● **DATA SECTION**:
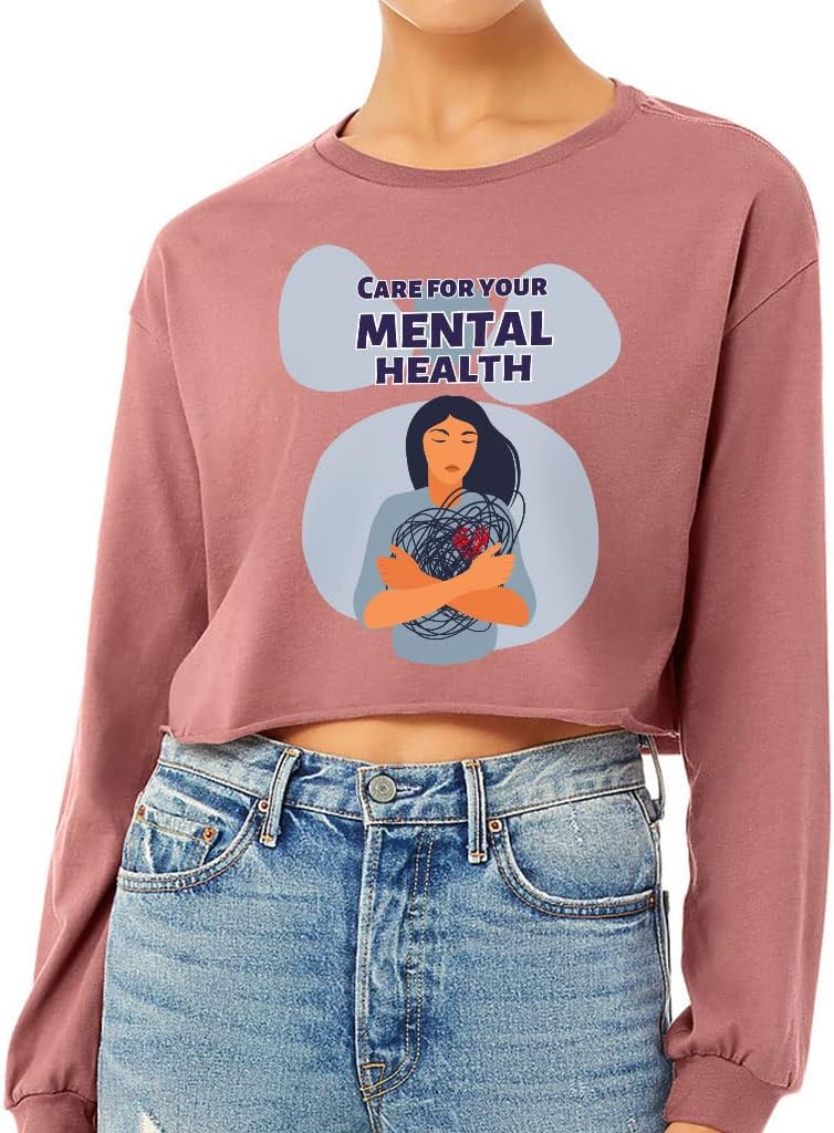 Simple but elegant Care for Your Mental Health Cropped Long Sleeve T-Shirt is easy to pair with shorts, skirts, and skinny jeans for casual and chic looks. Perfect to layer with cardigan, blazer, jacket or knitwear. You will really love Print Women's T-Shirt. Suitable for casual, work, date, weekend, holiday, party, club, pub, office, house, outdoor, vacation, maternity etc. A must-have long-sleeve shirt for women!
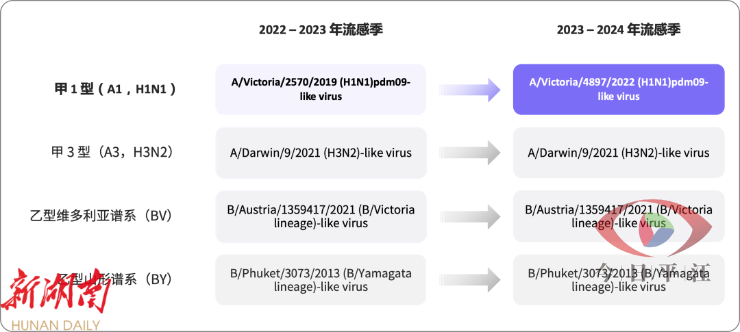 由于流感病毒容易变异,每年流行的毒株都可能与往年不同,每年的疫苗成分也会有相应的调整,比如今年相比去年就有调整:
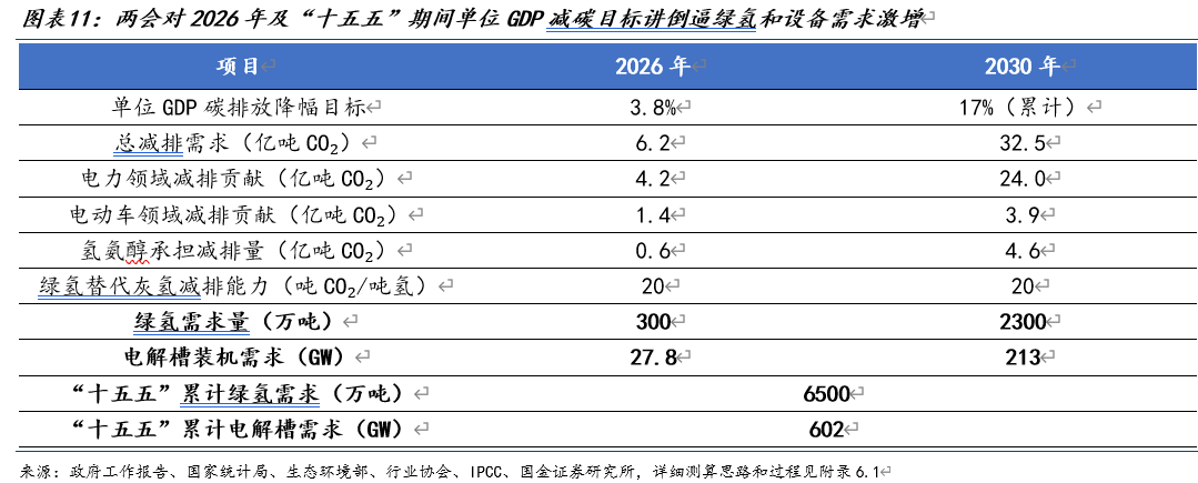 2025年氢能顶层关注度显著提升,国家层面政策频出、定调持续走高。相比“十四五”,“十五五”氢能产业发展面拥有强的政策迫切性与更完备的基础设施支撑。能源革命进入下半场——非电领域深度脱碳,氢氨醇作为关键载体不可或缺,产业链正迎来系统性发展机遇。根据我们对2026年政府工作报告提出的单位GDP降碳目标的量化测算,2026年绿氢需求将达300万吨,“十五五”期间累计需求有望攀升至6500万吨,需求端量级已明确。投资窗口期已然打开,建议重点布局率先跑通经济性、需求确定性强、政策密集度高的三大方向:
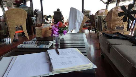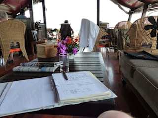 Wir waren vom 02.- 04.03.2015 an Bord. Im Anantara Riverside Hotel wurden wir von der Agentur in Empfang genommen, mit allen anderen Mitreisenden und den Reiseleitern bekannt gemacht. Beim Einchecken am Hotelpier war der Charme der alten umgebauten Reisbarke beeindruckend. Nach Begrüßung durch die Crew wurden die Kabinen bezogen. Diese waren sauber und alles Wichtige vorhanden. Das Bett (Bettwäsche schneeweiß) war über zwei Stufen zu erreichen, da sich im Souterrain das Bad befindet. Es war sehr angenehm beim Afternoon-Tea über den Chao Praya zu shippern. Die Crew war stets bemüht alle Wünsche zu erfüllen. Die Ausflüge waren gut organisiert und die persönlichen Reiseleiter sehr sachkundig. Die Zusammenstellung und Darbietung der Speisen (z.T. Langusten u. Jakobsmuscheln) war köstlich. Aufgrund der Größe der Kombüse ist die Leistung des Kochs besonders hervorzuheben. Die Kommunikation unter den Gästen war sehr gut, da es sich ausschließlich um deutschsprachige Mitreisende (2 Schweizer u. 1 Österreicher) handelte. Deshalb wurde beim Dinner eine lange Tafel (nach Zustimmung aller Gäste) hergerichtet. 1.Außenkabinen, aber sehr klein , sauber 2.Gastronomie: exzellent , sehr abwechslungsreich 3.Service: hervorragend, besonders der Schiffsmanager (Mr. Pepsi) 4.Ausflug: sachkundige persönliche Reiseleiter Diese exklusive Schiffstour hat uns sehr gut gefallen. Der einzige kleine Wermutstropfen sind die kleinen Kabinen, aber auch damit kann man drei Tage leben."

● **ACTION ITEM**:
Exclude every image and return the material above exactly.

● **EXERCISE RESPONSE**:
 Simple but elegant Care for Your Mental Health Cropped Long Sleeve T-Shirt is easy to pair with shorts, skirts, and skinny jeans for casual and chic looks. Perfect to layer with cardigan, blazer, jacket or knitwear. You will really love Print Women's T-Shirt. Suitable for casual, work, date, weekend, holiday, party, club, pub, office, house, outdoor, vacation, maternity etc. A must-have long-sleeve shirt for women!
 由于流感病毒容易变异,每年流行的毒株都可能与往年不同,每年的疫苗成分也会有相应的调整,比如今年相比去年就有调整:
 2025年氢能顶层关注度显著提升,国家层面政策频出、定调持续走高。相比“十四五”,“十五五”氢能产业发展面拥有强的政策迫切性与更完备的基础设施支撑。能源革命进入下半场——非电领域深度脱碳,氢氨醇作为关键载体不可或缺,产业链正迎来系统性发展机遇。根据我们对2026年政府工作报告提出的单位GDP降碳目标的量化测算,2026年绿氢需求将达300万吨,“十五五”期间累计需求有望攀升至6500万吨,需求端量级已明确。投资窗口期已然打开,建议重点布局率先跑通经济性、需求确定性强、政策密集度高的三大方向:
 Wir waren vom 02.- 04.03.2015 an Bord. Im Anantara Riverside Hotel wurden wir von der Agentur in Empfang genommen, mit allen anderen Mitreisenden und den Reiseleitern bekannt gemacht. Beim Einchecken am Hotelpier war der Charme der alten umgebauten Reisbarke beeindruckend. Nach Begrüßung durch die Crew wurden die Kabinen bezogen. Diese waren sauber und alles Wichtige vorhanden. Das Bett (Bettwäsche schneeweiß) war über zwei Stufen zu erreichen, da sich im Souterrain das Bad befindet. Es war sehr angenehm beim Afternoon-Tea über den Chao Praya zu shippern. Die Crew war stets bemüht alle Wünsche zu erfüllen. Die Ausflüge waren gut organisiert und die persönlichen Reiseleiter sehr sachkundig. Die Zusammenstellung und Darbietung der Speisen (z.T. Langusten u. Jakobsmuscheln) war köstlich. Aufgrund der Größe der Kombüse ist die Leistung des Kochs besonders hervorzuheben. Die Kommunikation unter den Gästen war sehr gut, da es sich ausschließlich um deutschsprachige Mitreisende (2 Schweizer u. 1 Österreicher) handelte. Deshalb wurde beim Dinner eine lange Tafel (nach Zustimmung aller Gäste) hergerichtet. 1.Außenkabinen, aber sehr klein , sauber 2.Gastronomie: exzellent , sehr abwechslungsreich 3.Service: hervorragend, besonders der Schiffsmanager (Mr. Pepsi) 4.Ausflug: sachkundige persönliche Reiseleiter Diese exklusive Schiffstour hat uns sehr gut gefallen. Der einzige kleine Wermutstropfen sind die kleinen Kabinen, aber auch damit kann man drei Tage leben."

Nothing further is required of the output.